When `negate: true` is set on any assertion, invert the pass/fail result:

- A passing check becomes a failure
- A failing check becomes a pass
- Score is inverted: `1.0 - score`

## 4. Common Assertion Fields

All assertion types support:

- `name` (string, optional) — human-readable name
- `type` (string, required) — the assertion type
- `weight` (number, optional, default 1.0) — weight in score aggregation
- `negate` (boolean, optional) — invert result
- `threshold` (number, optional) — minimum score to pass (for LLM types)

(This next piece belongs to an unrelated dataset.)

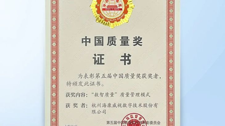 海康威视凭借“数智质量”质量管理模式获得中国质量领域最高荣誉
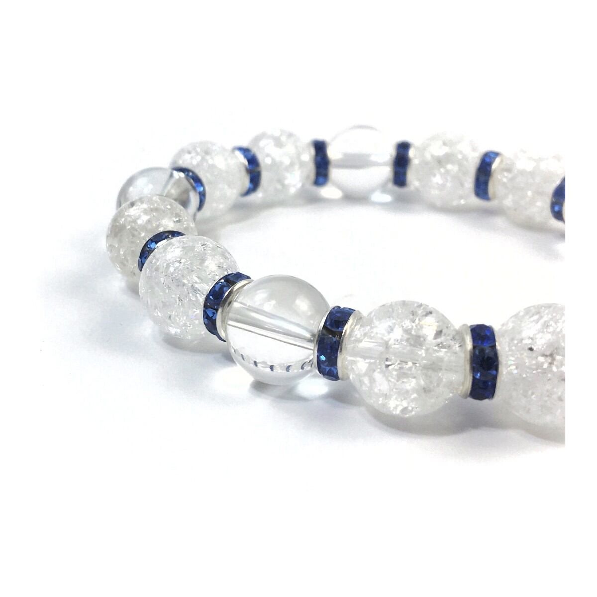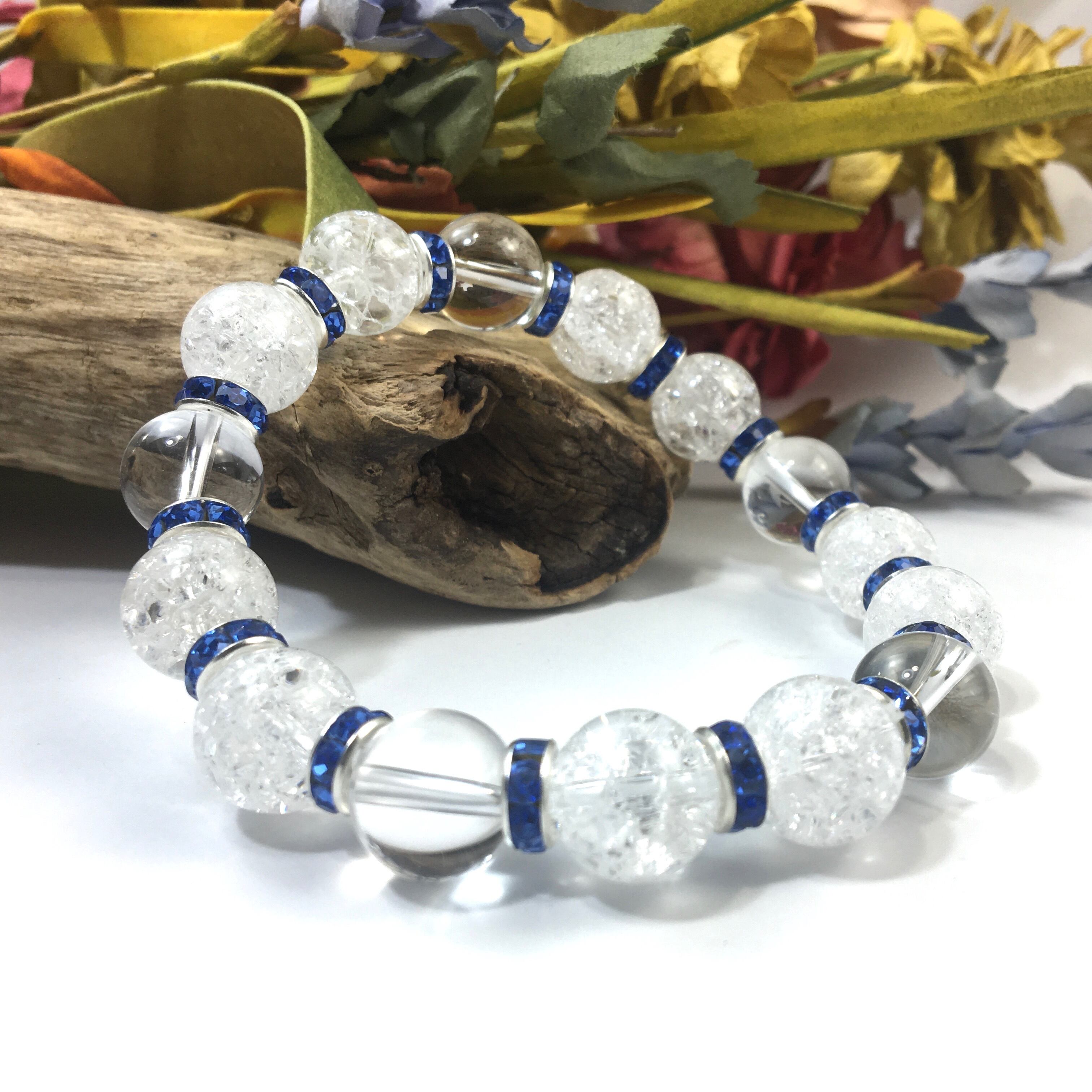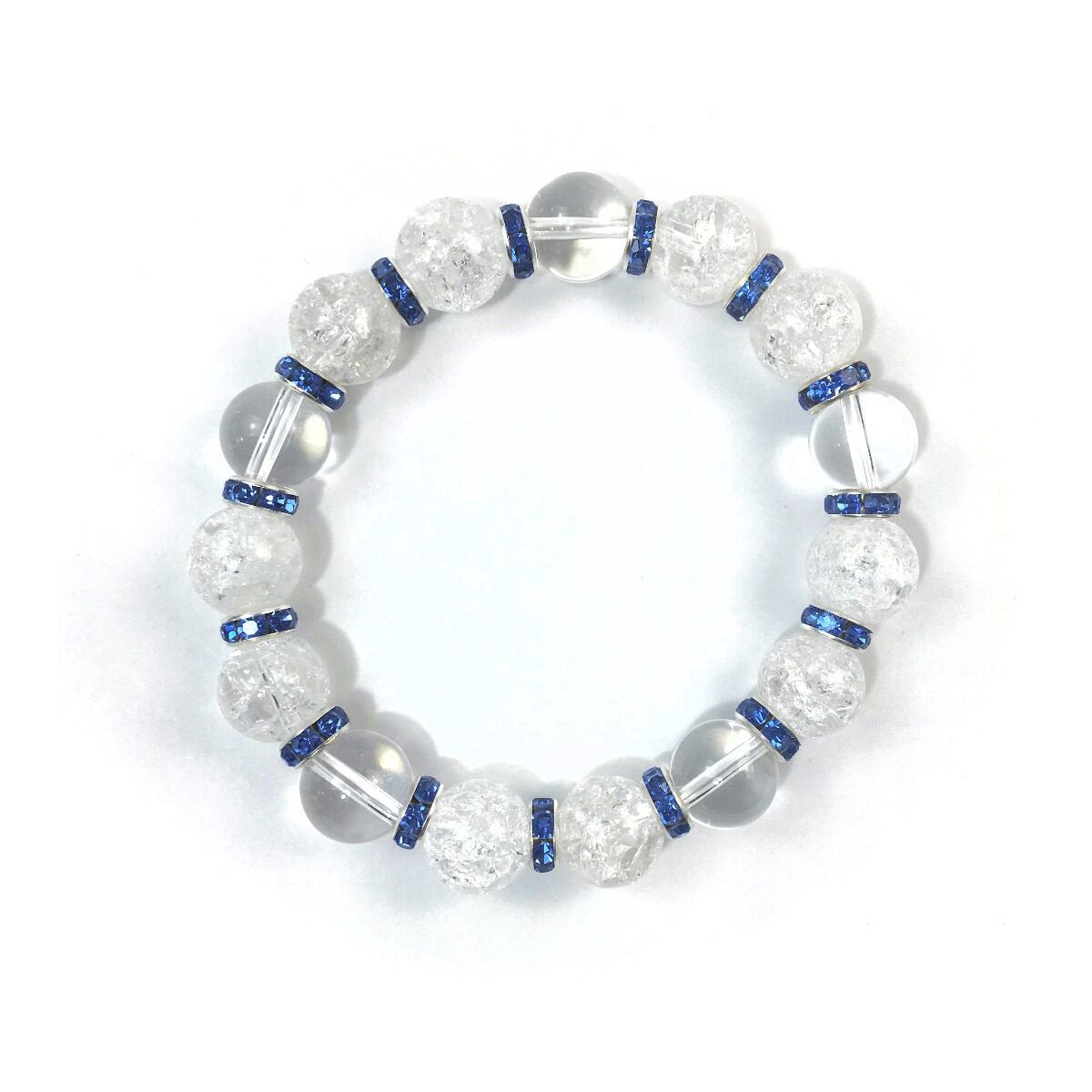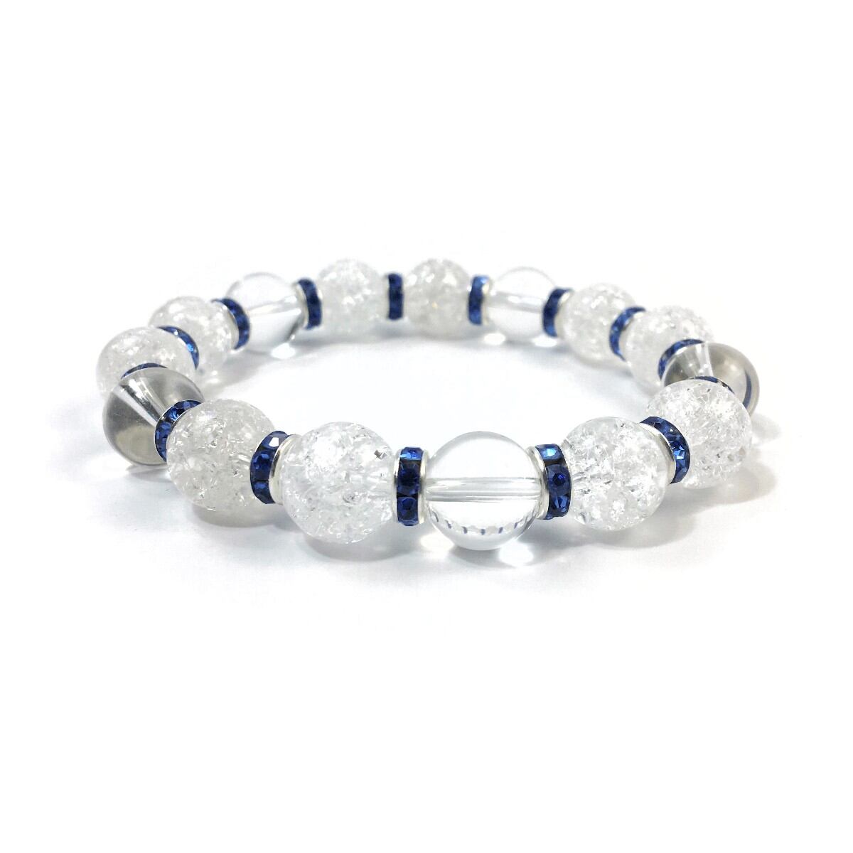クラック水晶&水晶 パワーストーン ブレスレット 天然石 12mm (ブルー)メンズ・レディース 男性・女性 数珠ブレス 開運 ☆

## 5. AgentV JSONL Output Format

Each line in the results JSONL file is an `EvaluationResult` object. In JSONL, field names use snake_case (applied by `toSnakeCaseDeep()`).

### Required fields

- `timestamp` (string, ISO-8601)
- `test_id` (string)
- `score` (number, 0.0-1.0, weighted average of all assertion scores)
- `assertions` (array of `{text, passed, evidence?}`)
- `output` (Message[]) — agent output messages
- `execution_status` (string: `ok` | `quality_failure` | `execution_error`)

### Optional fields

- `scores` (array of EvaluatorResult) — per-grader breakdown
- `input` (Message[]) — input messages
- `token_usage` (object: `{prompt_tokens, completion_tokens, total_tokens}`)
- `cost_usd` (number)
- `duration_ms` (number)
- `target` (string)
- `eval_set` (string)
- `error` (string)
- `file_changes` (string — unified diff)
- `mode` (string — `agent` for agent mode)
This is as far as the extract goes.